Average number of procedures performed during the hospitalization was higher in PD patients, i.e., 0.89 (S.D. = 1.309, p-value < 0.001) compared to 0.53 procedures in PD with MDD patients (S.D. = 0.977, p-value < 0.001). A total of 29,343 (45.9%) PD patients and 437 (30.2%) PD with MDD patients underwent therapeutic or diagnostic procedures during the hospitalization. The most common procedure performed was Therapeutic Nervous system procedure, i.e., 59.5% in PD patients, but lower in PD with MDD patients (29.9%). Diagnostic procedures like computed tomography (CT)-scan Head, magnetic resonance imaging (MRI) scan and diagnostic spinal tap were performed more in PD with MDD patients (5.5%, 6.6% and 3.4%, respectively) compared to PD patients (4.2%, 2.8% and 2.5%, respectively) (p-value < 0.001). Invasive procedures like Gastrotomy (temporary or permanent placement) were performed 1.5 times greater in PD with MDD patients as compared to PD patients (p-value < 0.001). The patients were distributed according to the utilization of procedures in Table 8 and Figure 8.
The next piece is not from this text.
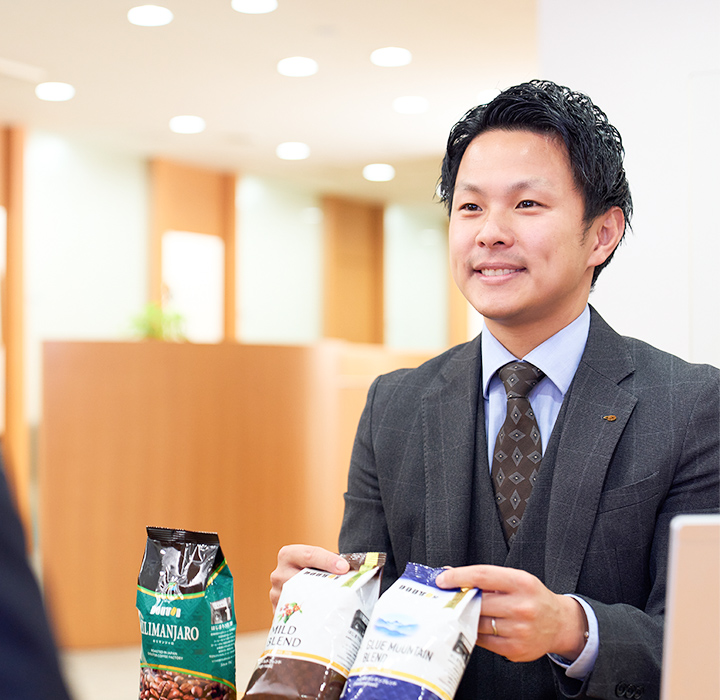 時には開発チームの一員として、インスタントコーヒーやドリップコーヒーの新商品企画に参加することもあります。立場や年齢に関係なく自由に意見を出し合い、みんなで練ったアイデアを形にしていく過程は、営業活動とは違ったやりがいがあります。
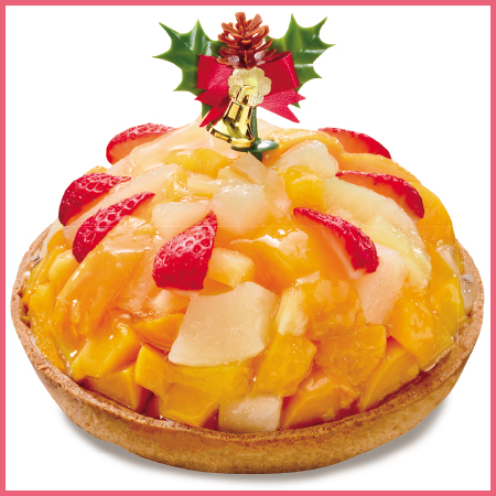 タルトにホイップカスタードを絞り、黄桃、白もも・洋ナシ・パイン、苺の5種類のフルーツを楽しめるクリスマスケーキです。

Procedure PD PD with MDD p-value
Therapeutic nervous system procedure 59.5% 29.9% <0.001
Diagnostic spinal tap 2.5% 3.4% <0.001
Gastrotomy 2.8% 4.6% <0.001
CT-scan 4.2% 5.5% <0.001
MRI-scan 2.8% 6.6% <0.001
Other procedures 28.2% 50% <0.001

The most important therapeutic procedure used during hospitalization is deep brain stimulation (DBS) in which there were 136, i.e., 9.4% of total PD with MDD patients, which is very low as compared to the use of DBS in 16,368, i.e., 25.6% of PD patients (p-value < 0.001). On the contrary, only 10 (0.7%) PD with MDD patients and 396 (0.6%) PD patients were treated with stereotactic radiosurgery (SRS) during the hospitalization, though this result was not statistically significant (p-value = 0.728). The patients were distributed according to the utilization of DBS and SRS procedures in Table 9 and Figure 9.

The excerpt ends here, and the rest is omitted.